Ideally? I would get into a fastrack grad school program and just be finishing my PhD.

I would also be thin, living on my own near my family and have a functioning car.

Other than that? I don't think much else would change with me - I'm pretty stable personality wise.


----------



## Gorillaz (Jul 13, 2010)

Done my undergrad on commerce. En route to becoming a CA with one of the big 4 companies. A girlfriend and stable social life with many friends. Really in shape. I want to be the same person, just more confident and able to sustain a conversation. Want to have visited much of the world by then, including World Cup 2014 at Brazil and volunteering abroad.


----------



## Fantas Eyes (Mar 23, 2011)

I'll be married , possibly with a baby, and have graduated college.


----------



## popeet (Dec 8, 2005)

Economic self-sufficiency, lots of good pills, a nicer body, custom tailored clothes, lots of nights out seeing music lectures and other stuff, eating & drinking really well.

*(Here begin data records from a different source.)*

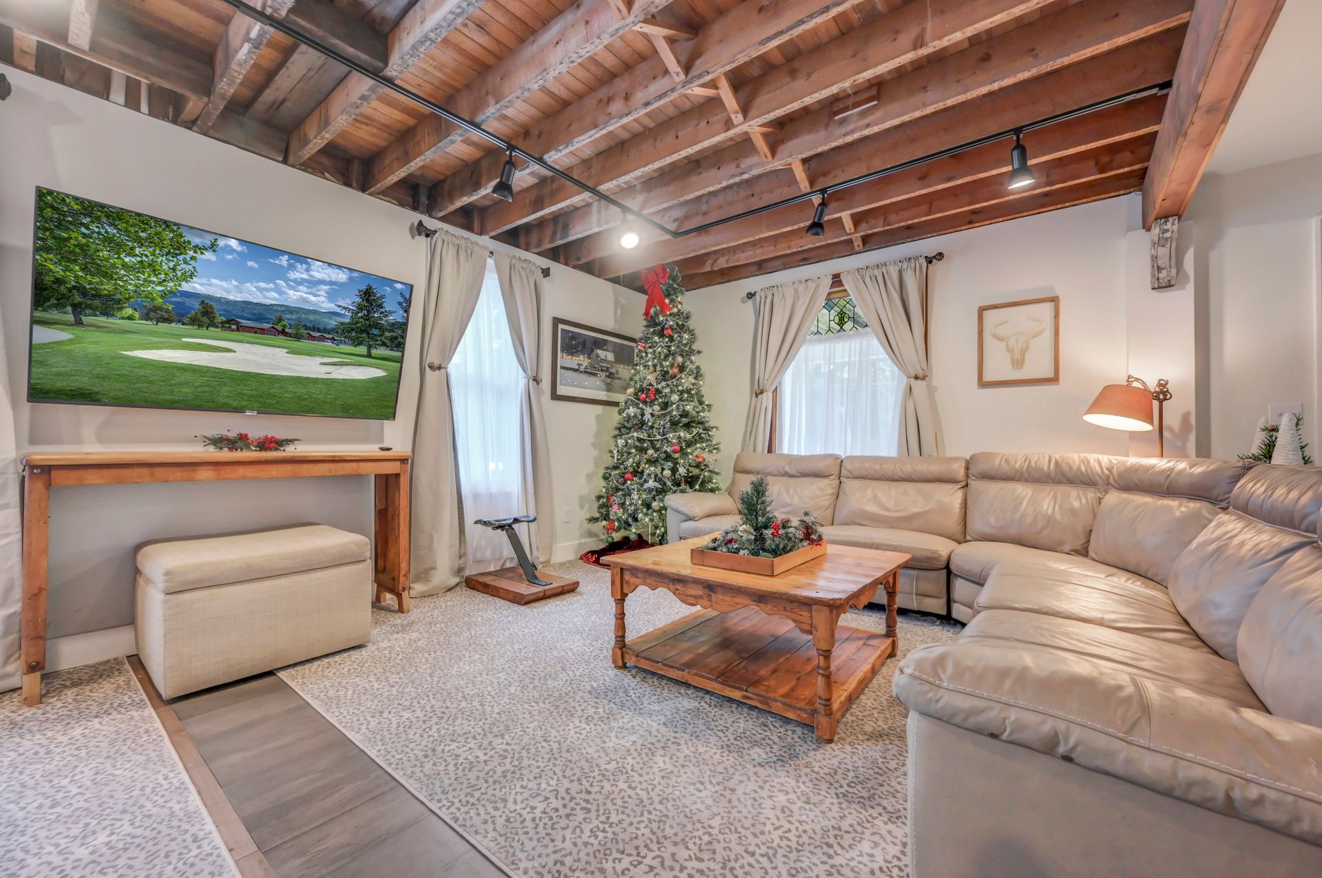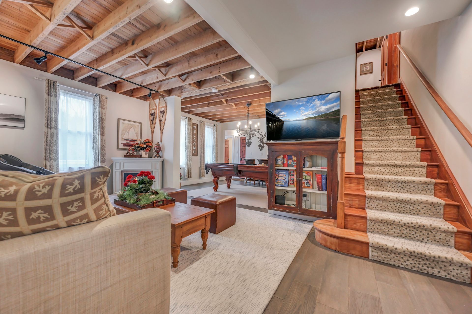 Inside, you will find a bright and modern layout with seating for 16 in the dining area, smart TVs in every bedroom, a pool table, central air conditioning and a brand new heating system. The property offers plenty of room to spread out, with a firepit area and peaceful natural surroundings to enjoy year-round.
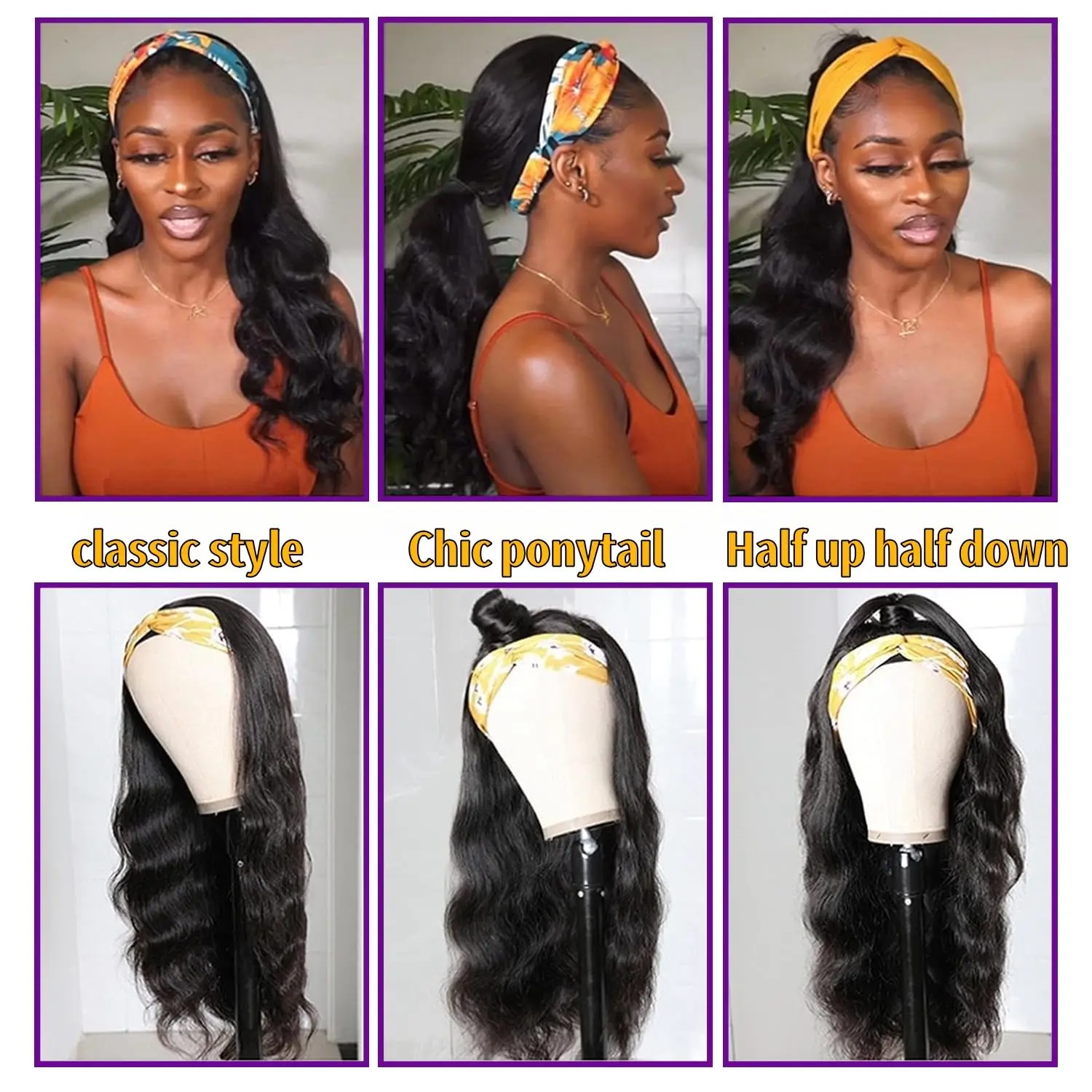 5. Bling Hair Straight Human Hair Natural Color Headband Human Hair Wigs Glueless Straight/Body Wave Human Hair Wigs For Women
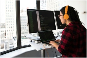 Woman programming on a laptop at a standing desk in an office with large windows.
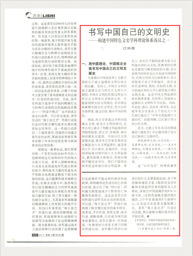 近日,《新華文摘》2017年第11期“歷史”欄目主體轉載我校江林昌教授的文章《書寫中國自己的文明史——構建中國特色文史學科理論體系淺議之一》。文章原發于2017年第2期《濟南大學學報》,為教育部人文社科重點研究基地齊魯文化研究中心“十三五”規劃“齊魯文化與中華文明轉化創新”項目,是山東省泰山學者、山東省委宣傳部“儒家元典新證與中華民族偉大復興”項目的階段性成果。
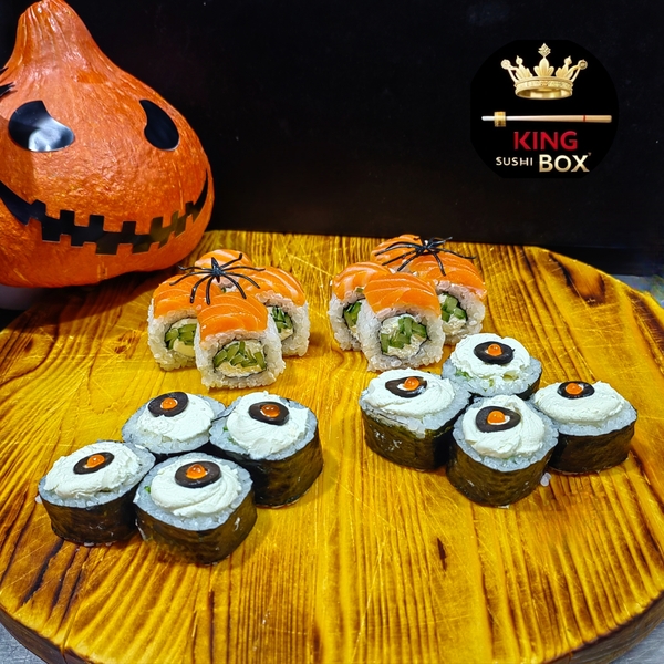 Состав: филадельфия 1/2, унаги онигара 1/2, калифорния 1/2, каппа маки с сыром.
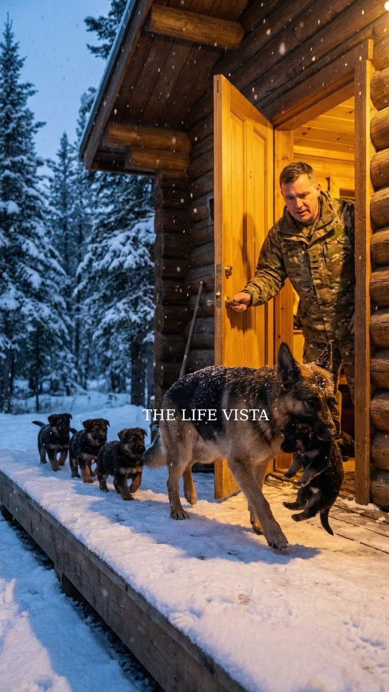 Ethan stood motionless, cold air brushing his face, his hands shaking—but not from the temperature. Something loosened inside his chest, something warm and delicate he hadn’t felt since before the war. And when she appeared again through the snow, another pup clenched carefully in her jaws, he was ready.
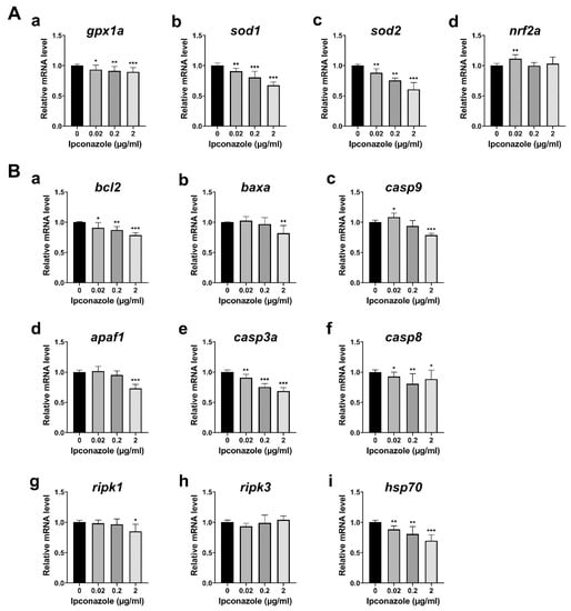 Ipconazole reduces expressions of antioxidant enzymes, caspases, and hsp70. (A) RT-PCR (real-time PCR) shows the antioxidant genes were reduced in the 28-hpf embryos treated with ipconazole at 0, 0.02, 0.2, and 2 μg/mL: gpx1a (a), sod1 (b) sod2 (c), and nrf2 (d); (B) mRNA expression of the apoptotic genes, bcl2 (a), baxa (b), casp9 (c), apaf1 (d), casp3a (e), and casp8 (f), and the necroptotic genes, ripk1 (g) and ripk3 (h), as well as the molecular chaperon hsp70 (i) were monitored. * p < 0.05, ** p < 0.01, *** p < 0.001.
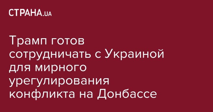 Президент США Дональд Трамп подтвердил готовность к сотрудничеству с Украиной для мирного урегулирования конфликта на Донбассе.
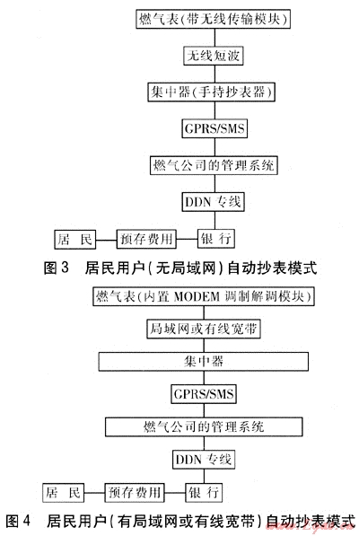 由購買氣量改為預(yù)存費用,預(yù)存費用的數(shù)值保存在燃?xì)夤镜臄?shù)據(jù)管理中心,以便根據(jù)燃?xì)鈨r格實時調(diào)整,避免燃?xì)鈨r格上漲前用戶囤氣給燃?xì)夤編頁p失。此方式綜合了國外的先進技術(shù)和我國的國情,將成為我國城鎮(zhèn)燃?xì)饩用裼脩?、商業(yè)用戶今后計量收費的發(fā)展趨勢。對于其他不適合預(yù)付費方式的城鎮(zhèn)燃?xì)庥脩?,今后發(fā)展的趨勢是自動抄表。
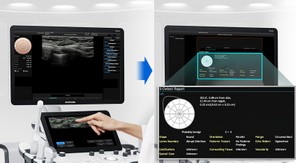 S-Detect : スキャン後、シードポイントを選択すると自動的に腫瘤の境界線を描出、データの分析から単数、複数のイメージが表示される。標準化された乳腺イメージレポートとBI-RADSデータを採用することで、日々の診断のサポートを行うアプリケーションだ。
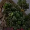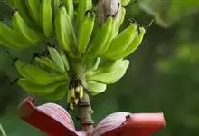 香蕉’),芭蕉科芭蕉属多年生草本植物,植株丛生,有匐匍茎;假茎浓绿有黑色斑点;叶片长圆形,上面为深绿色,无白粉,下面浅绿色;花朵为乳白色或淡紫色;果实呈弯曲的弓状,有棱,果皮为青绿色,…全部>>

After I do all that, get mentally stable, build a cottage, grow my own food, have a kid, give social justice another try.


----------



## room101 (Nov 5, 2010)

Done my degree, completed the professional designation, renting my own place (with a pet or two), financially stable, student loans more than half paid off, physically healthy, close to achieving mental stability, possibly have a significant other (that cooks kickas s), maintaining a better relationship with my family, formed a couple close friendships, possibly making some exotic travel plans.. sigh, so much work!


----------



## Melinda (Feb 5, 2009)

This is a great thread idea! 

In 5 years I'll be...27. Oh god.

I'd like to be holding down a "real" job that I enjoy (hopefully as a flight attendant). Married or at least engaged to my boyfriend--who will be in graduate school getting his Ph.D. It'll still be rough going because we'll probably not get to see one another that much, but by that time I reckon we'll be settled in somewhere nice and not having to move every damn year/two years. That'll be a big relief no matter how stressful our lives are.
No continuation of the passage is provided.